The answer must consist only of the lines in the records below from the line with "Serve streetwear casual" to the line with "All the flowers", both included, copied word for word with every picture left out.

*** RECORDS SUPPLIED Section Begins ***

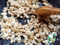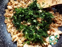 Измельчить зелень, добавить в начинку и снять с огня. |
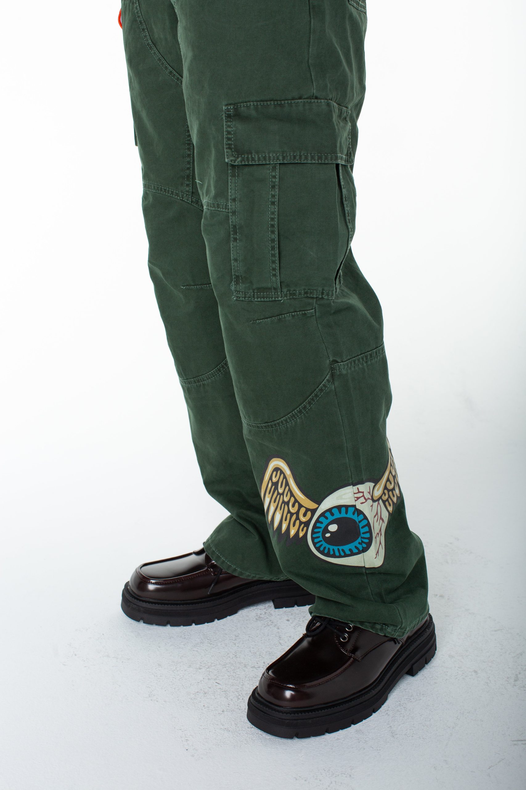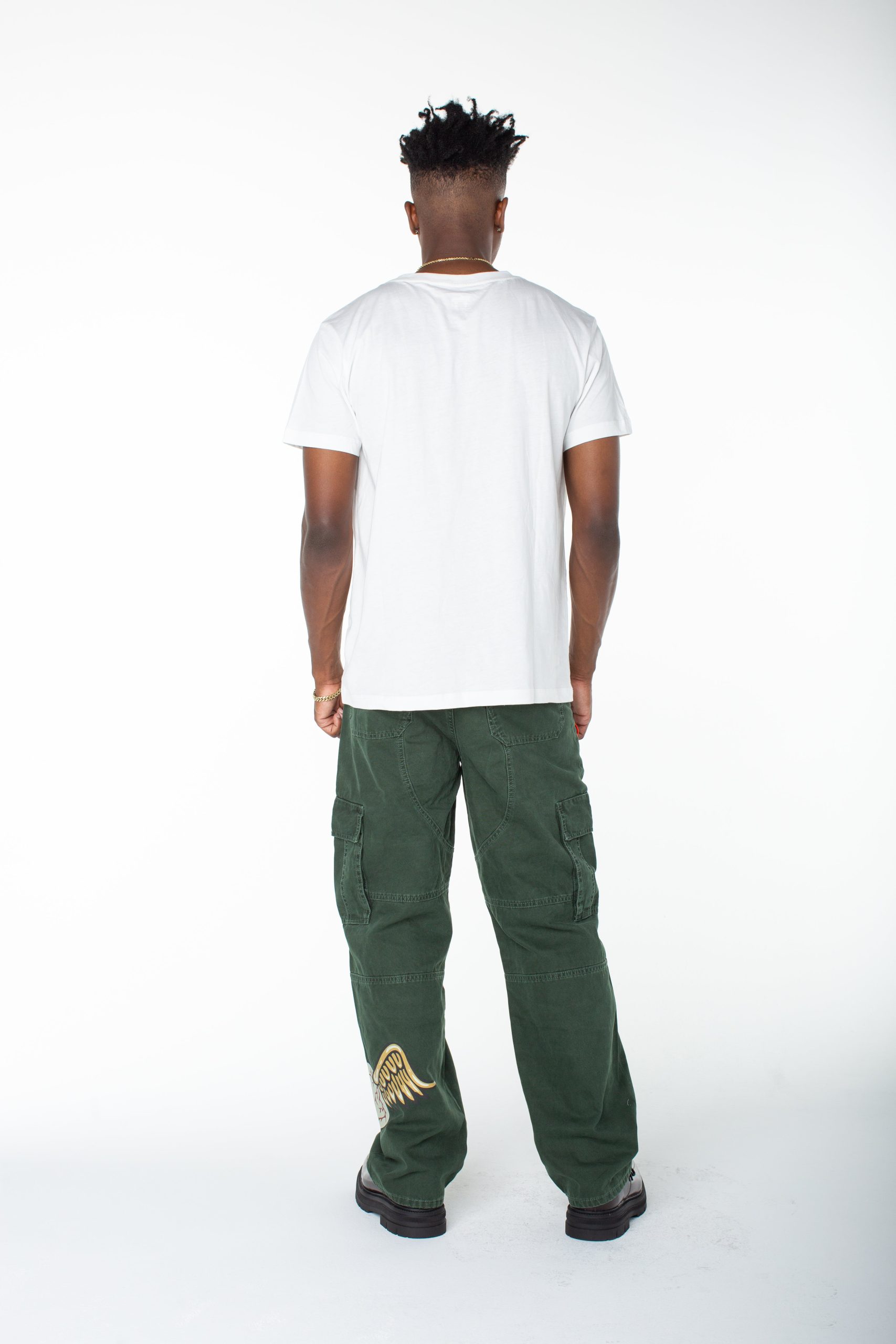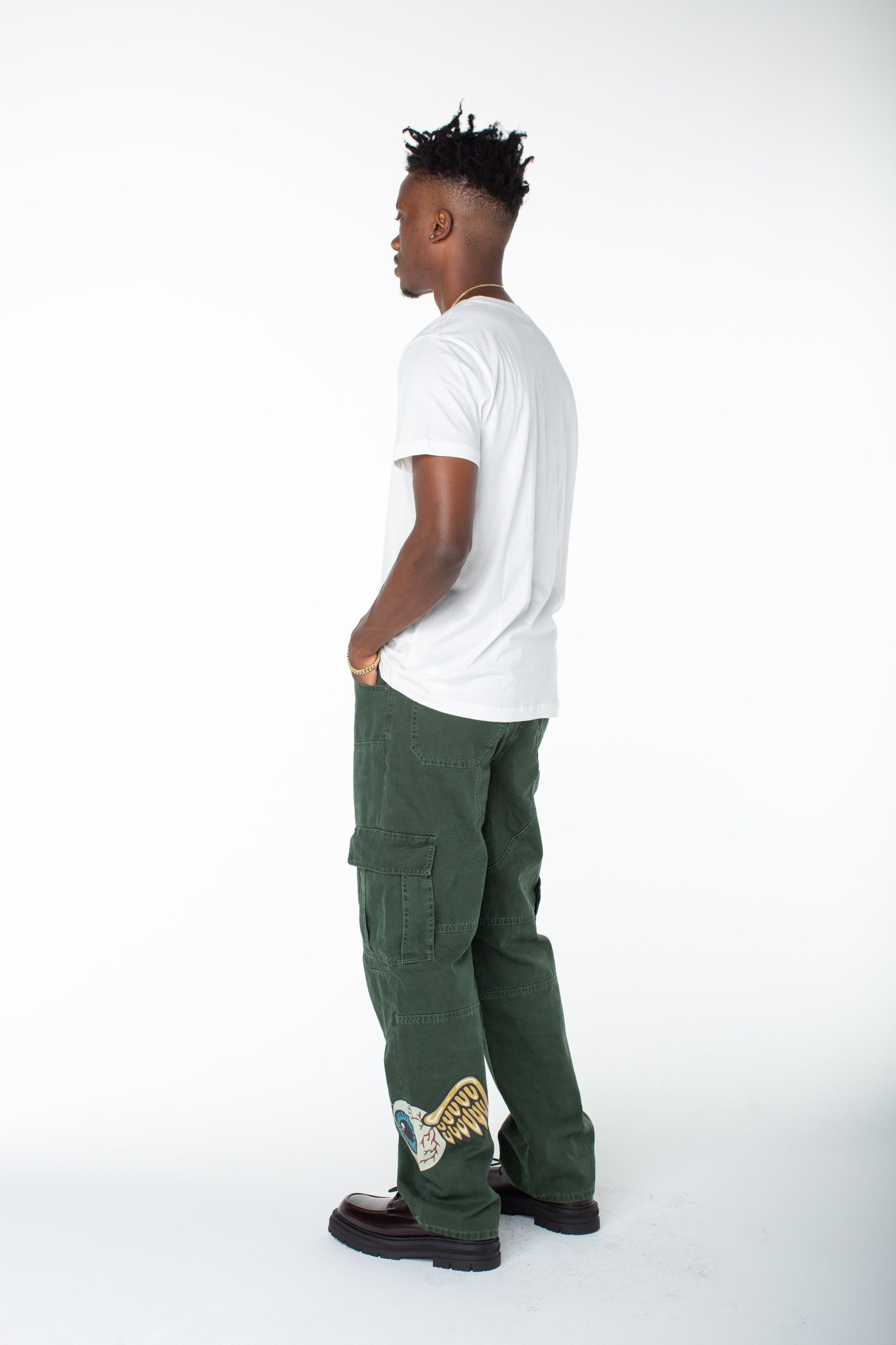Serve streetwear casual in a baggy cargo that features a bold contrasting graphic and an upper right side patch. Match this with the coordinating zip up “invaders hoodie”
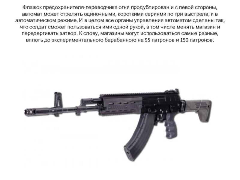 Слайд 63Флажок предохранителя-переводчика огня продублирован и с левой стороны, автомат может стрелять
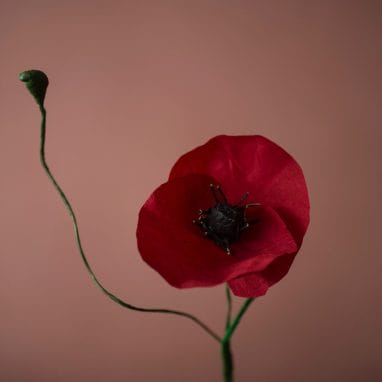 All the flowers were created using handmade dyes and fixatives, like avocado and pomegranate skins. Yolanda and the children experimented with mordants – which help to fix the colours – over three weeks. Each dyed piece of fabric was then made into a flower on the end of a wire stem.
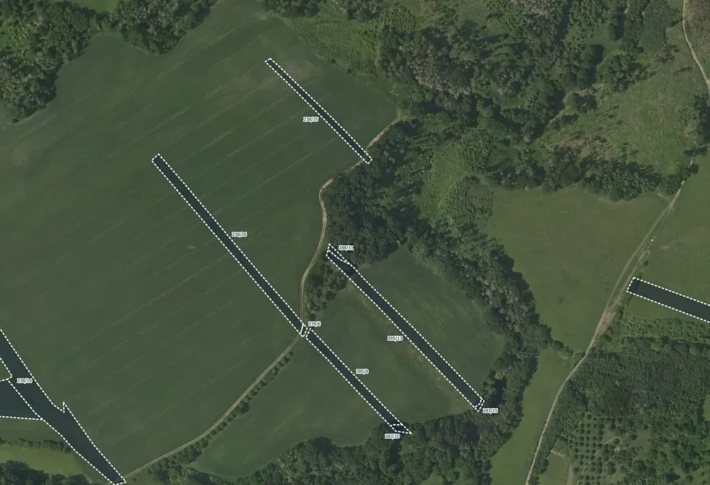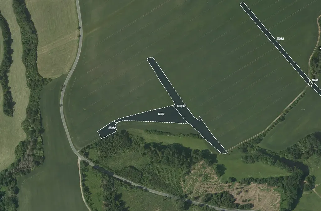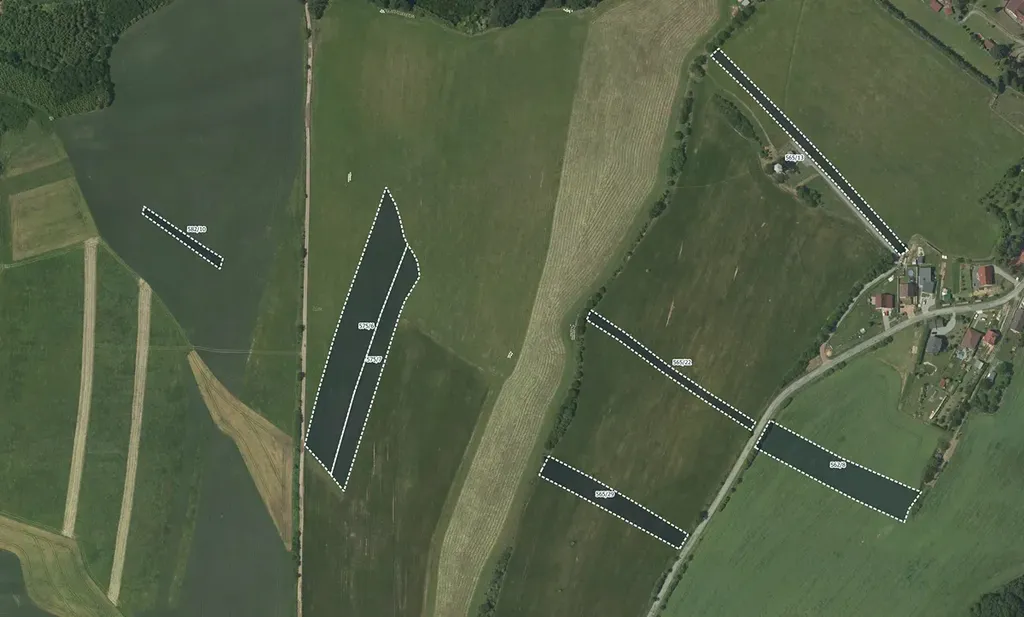 Pozemky mají parc. č. 564/4, 584/8, 584/6, 460/10, 460/6, 446/13, 415/13, 285/13, 239/6, 442/2, 582/10, 579/5, 575/7, 575/6, 565/39, 565/29, 565/22, 565/13, 562/35, 562/26, 562/25, 285/8, 283/15, 283/10, 483/5, 481/13, 481/5, 463/28, 463/27, 462/7, 415/7, 331/9, 331/3, 322/2, 238/35, 238/26, 238/14, 238/5, 238/2, 562/8, 562/23, 460/18, 316/3, 312/7, 288/11, 521/7 a 520/3.
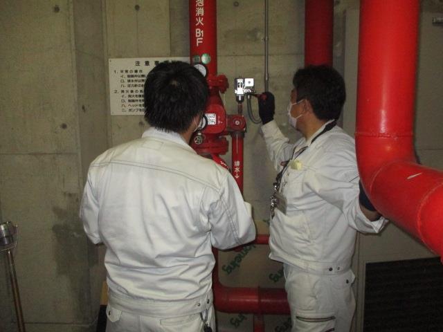 泡消火設備の流水検知装置(アラーム弁)の講習中です。
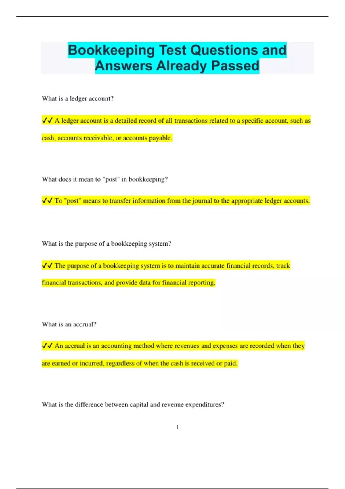 Bookkeeping Test Questions and Answers Already Passed What is a ledger account? A ledger account is a detailed record of all transactions related to a specific account, such as cash, accounts receivable, or accounts payable. What does it mean to "post" in bookkeeping? To "post" means to transfer information from the journal to the appropriate ledger accounts. What is the purpose of a bookkeeping system? The purpose of a bookkeeping system is to maintain accurate financial records, track financial transactions, and provide data for financial reporting. What is an accrual? An accrual is an accounting method where revenues and expenses are recorded when they are earned or incurred, regardless of when the cash is received or paid. What is the difference between capital and revenue expenditures? 2 Capital expenditures are investments in long-term assets that benefit the business for more than one accounting period, while revenue expenditures are short-term costs that are expensed in the period they are incurred. What is a cash flow statement? A cash flow statement reports the cash inflows and outflows from operating, investing, and financing activities over a specific period. How do you record depreciation in bookkeeping? Depreciation is recorded as an expense in the income statement and a reduction in the value of the related asset in the balance sheet. What is the purpose of a subsidiary ledger? A subsidiary ledger provides detailed information for a specific account, such as accounts receivable or accounts payable, which supports the general ledger. What is a chart of accounts? A chart of accounts is a list of all accounts used by a business, organized by category, to help in the recording and reporting of financial
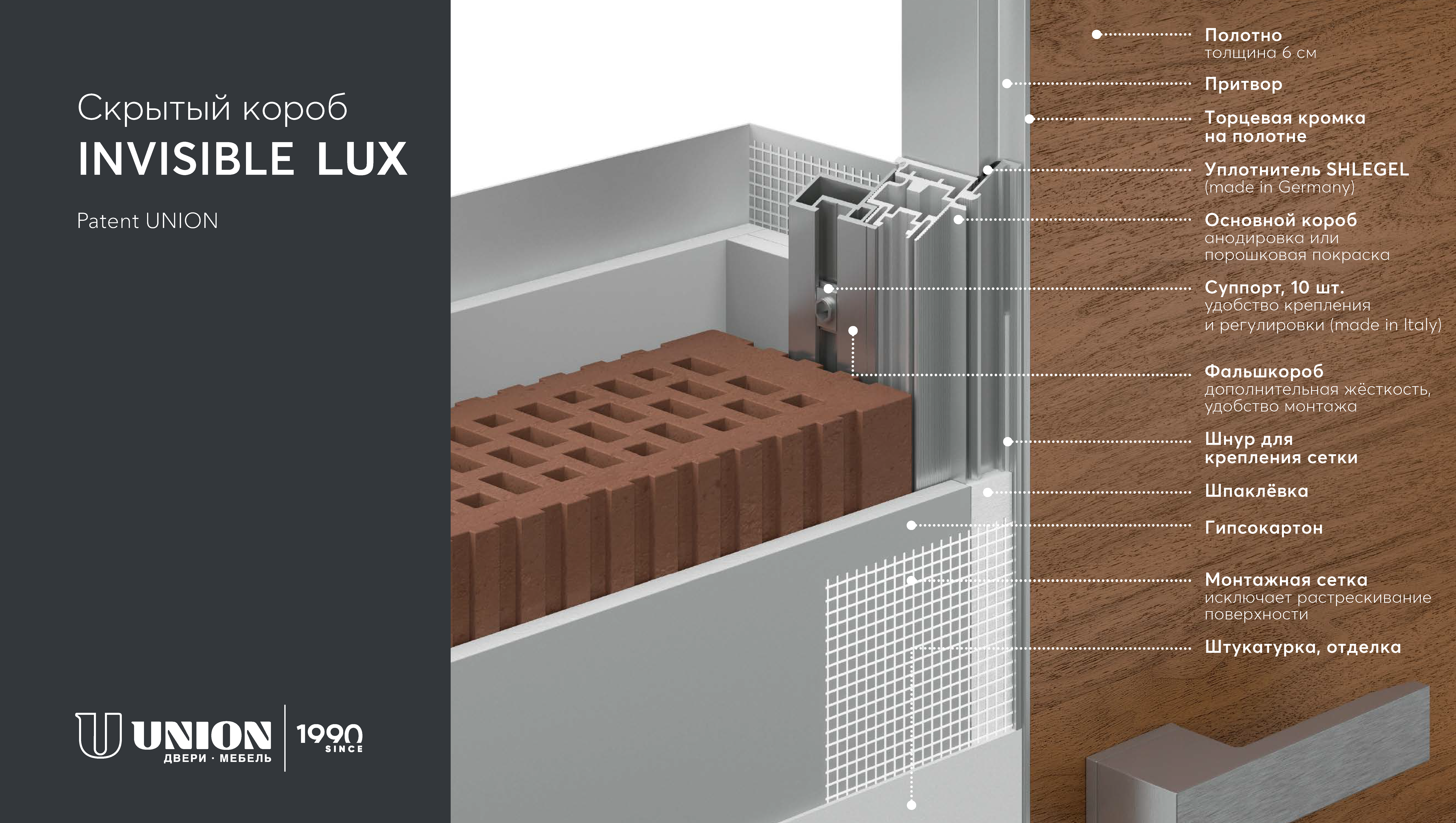 Цена за комплект: полотно в отделке матовая эмаль L01 Bianco, условный размер 60/70/80/90x200/210 см, алюминиевый "скрытый" короб INVISIBLE под покраску, уплотнитель, скрытые петли, магнитный замок.

*** RECORDS SUPPLIED Section Ends ***

**SOLUTION TO THE PROBLEM:**
Serve streetwear casual in a baggy cargo that features a bold contrasting graphic and an upper right side patch. Match this with the coordinating zip up “invaders hoodie”
 Слайд 63Флажок предохранителя-переводчика огня продублирован и с левой стороны, автомат может стрелять
 All the flowers were created using handmade dyes and fixatives, like avocado and pomegranate skins. Yolanda and the children experimented with mordants – which help to fix the colours – over three weeks. Each dyed piece of fabric was then made into a flower on the end of a wire stem.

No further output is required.